意味
「快刀乱麻」とは、「こじれて紛糾した物事や難問を、鮮やかな手際で一気に解決すること」のたとえです。
よく切れる刀で、もつれ絡まった麻をスパッと断ち切る様子から、ぐずぐずとした状況を一変させる鋭い処置を指します。
四字熟語の構成は以下の通りです。
- 快刀(かいとう):切れ味の鋭い、立派な刀。
- 乱麻(らんま):もつれ絡まって、ほどけなくなった麻。
手でちまちまとほどいていては埒(らち)が明かない「乱れた麻」を、名刀で断ち切るように処理することから、複雑怪奇なトラブルを誰も思いつかないような方法で即座に収拾することを表します。

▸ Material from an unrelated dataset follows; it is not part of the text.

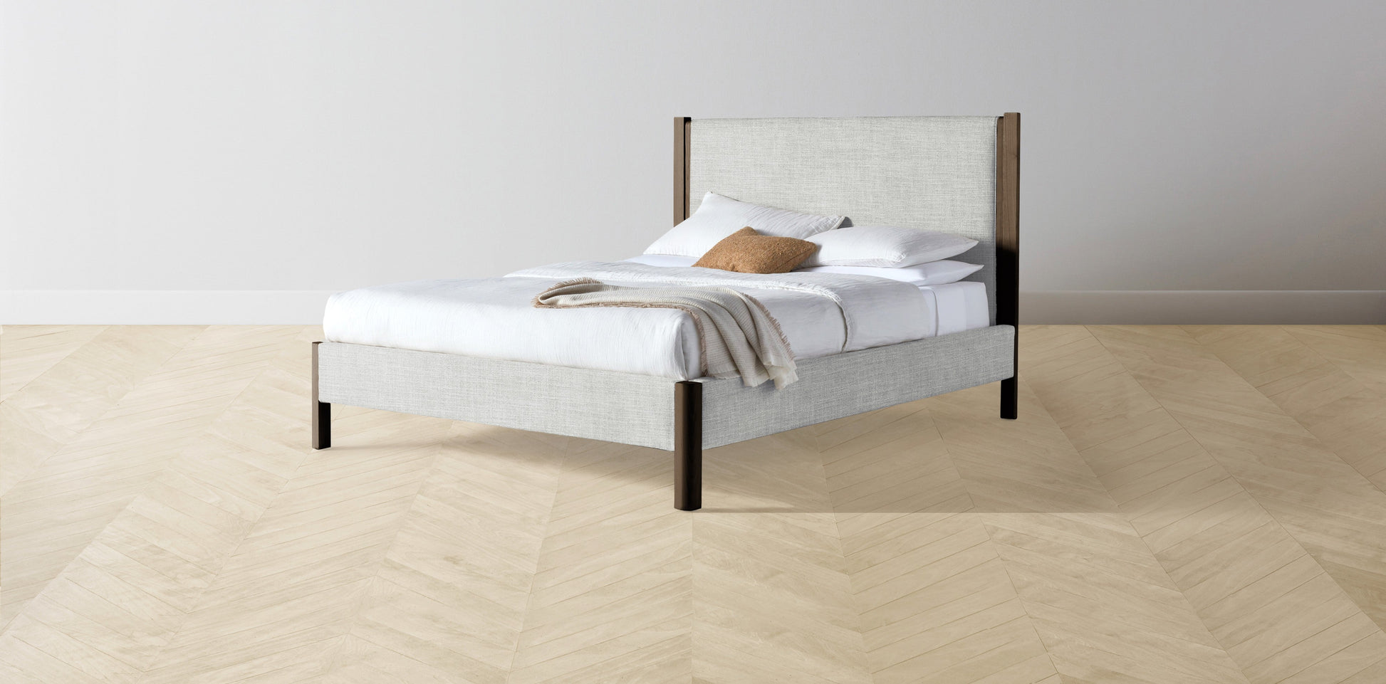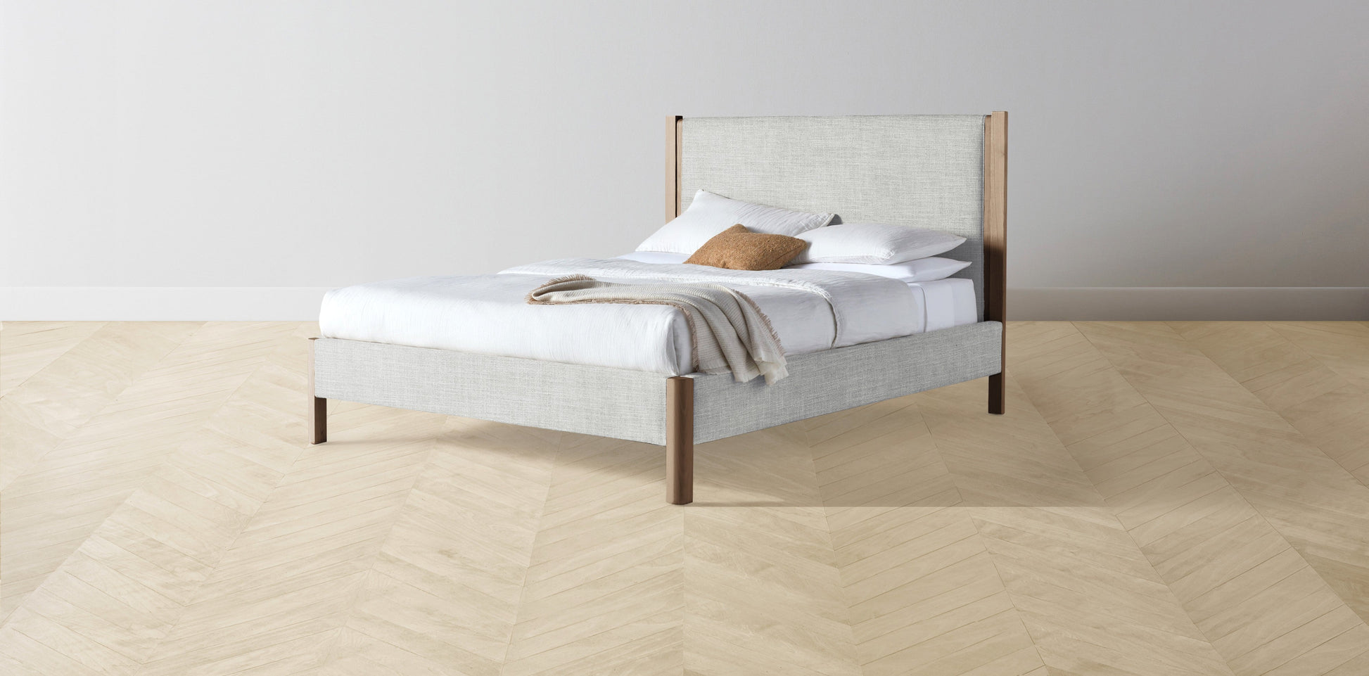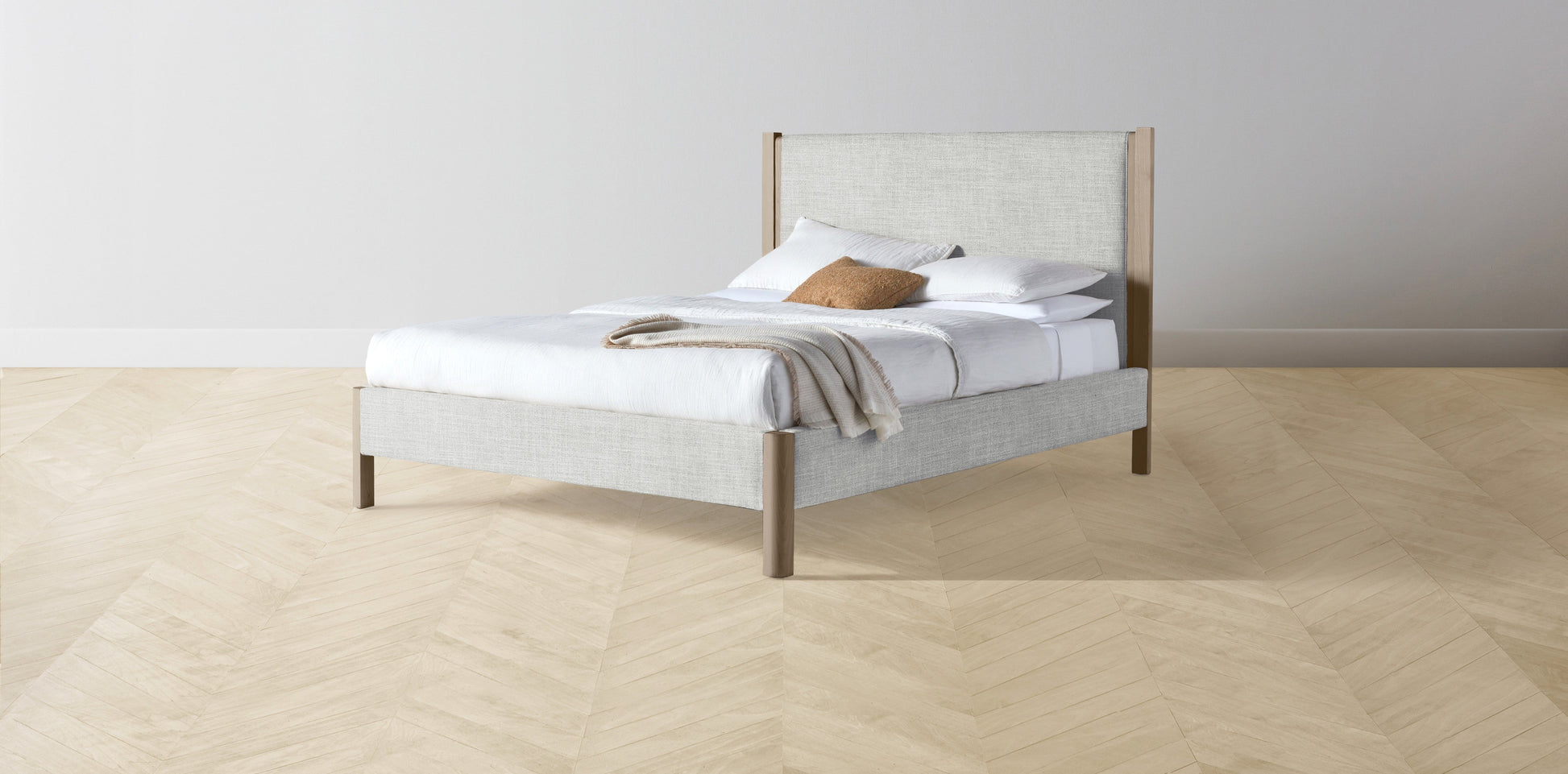 The Thompson - Performance Textured Tweed Dove Bed - 48" Headboard - Muslin on reverse

一般的には、「快刀乱麻を断つ」(かいとうらんまをたつ)という慣用句の形で、形容動詞的に使われることがほとんどです。
語源・由来
「快刀乱麻」の由来は、中国の歴史書『北斉書(ほくせいしょ)』に記された、高洋(こうよう/後の北斉の初代皇帝・文宣帝)の若き日の逸話です。
ある時、高洋の父である高歓(こうかん)が、息子たちの才能を試そうとしました。
高歓は、もつれてぐちゃぐちゃになった麻の束を大量に用意し、息子たちに「これをほどいてみよ」と命じました。
他の兄弟たちが、一本一本丁寧に、しかし悪戦苦闘しながら手でほどこうとする中、高洋だけは違いました。
彼は刀を抜くやいなや、その麻の束を一刀のもとに断ち切ってしまったのです。
驚く父に対し、高洋はこう答えました。
「乱れたものは、斬らなければ解けません」
この本質を突いた行動を見た父は、高洋には天下を治める決断力があると大いに期待したといいます。
この故事が元となり、こじれた問題を断ち切るように解決することを「快刀乱麻」と言うようになりました。
使い方・例文
「快刀乱麻」は、単なる「解決」ではなく、「手際の良さ」「鮮やかさ」「大胆な処置」を強調したい場合に使われます。
主に、組織改革、長引く紛争の調停、スポーツでの見事な采配など、周囲が感嘆するようなリーダーシップが発揮された場面で好まれます。
- 膠着状態だった会議は、部長の快刀乱麻を断つ提案で一気にまとまった。
- 彼女の快刀乱麻の働きで、数ヶ月停滞していた地域のトラブルが丸く収まった。
- 複雑に入り組んだ事件の謎を、名探偵が快刀乱麻の推理で解き明かした。
類義語・関連語
「快刀乱麻」と似た意味を持つ言葉には、以下のようなものがあります。
- 一刀両断(いっとうりょうだん):
物を一太刀で真っ二つに切ること。
転じて、物事を迷わずきっぱりと決断・処理すること。
「快刀乱麻」が「複雑さの解消」に焦点があるのに対し、こちらは「迷いのなさ」「断固たる態度」に焦点があります。 - 英断(えいだん):
優れた判断で、きっぱりと物事を決めること。「社長の英断」のように使われます。 - 岡目八目(おかめはちもく):
当事者よりも、第三者の方が情勢を正しく判断できること。
こじれた問題を外から冷静に見て解決策を見出す際に通じる部分があります。
対義語
「快刀乱麻」とは対照的な意味を持つ言葉は、解決できずに迷ったり、手出しできない様子を表します。
- 優柔不断(ゆうじゅうふだん):
ぐずぐずしていて、物事の決断ができないこと。「スパッと決める」快刀乱麻とは正反対の態度です。 - 拱手傍観(きょうしゅぼうかん):
腕を組んで見ているだけで、手出しをしない(できない)こと。 - 五里霧中(ごりむちゅう):
霧の中にいるように、物事の様子がわからず、どうしていいか迷うこと。
英語表現
「快刀乱麻」を英語で表現する場合、由来とよく似た西洋の伝説がそのまま使えます。
cut the Gordian knot
「難問を一挙に解決する」という意味の表現で、意味も由来も「快刀乱麻」とほぼ同じ(詳細は後述)。
He cut the Gordian knot to solve the problem.
(彼はその問題を解決するために、大胆な手段をとった。)
ゴルディアスの結び目との時代差
英語表現に挙げた「ゴルディアスの結び目(Gordian Knot)」の逸話は、アレクサンドロス大王のもので、紀元前4世紀にさかのぼります。
「快刀乱麻」の由来となった高洋は6世紀の人物で、両者にはおよそ900年の隔たりがあります。
ゴルディアスの結び目は、ほどいた者がアジアの王になるという言い伝えのあった結び目で、アレクサンドロスは剣で断ち切ったと伝えられています。
絡まったものを解かずに刃物で断つという筋立てが、離れた時代と地域の両方に伝わっています。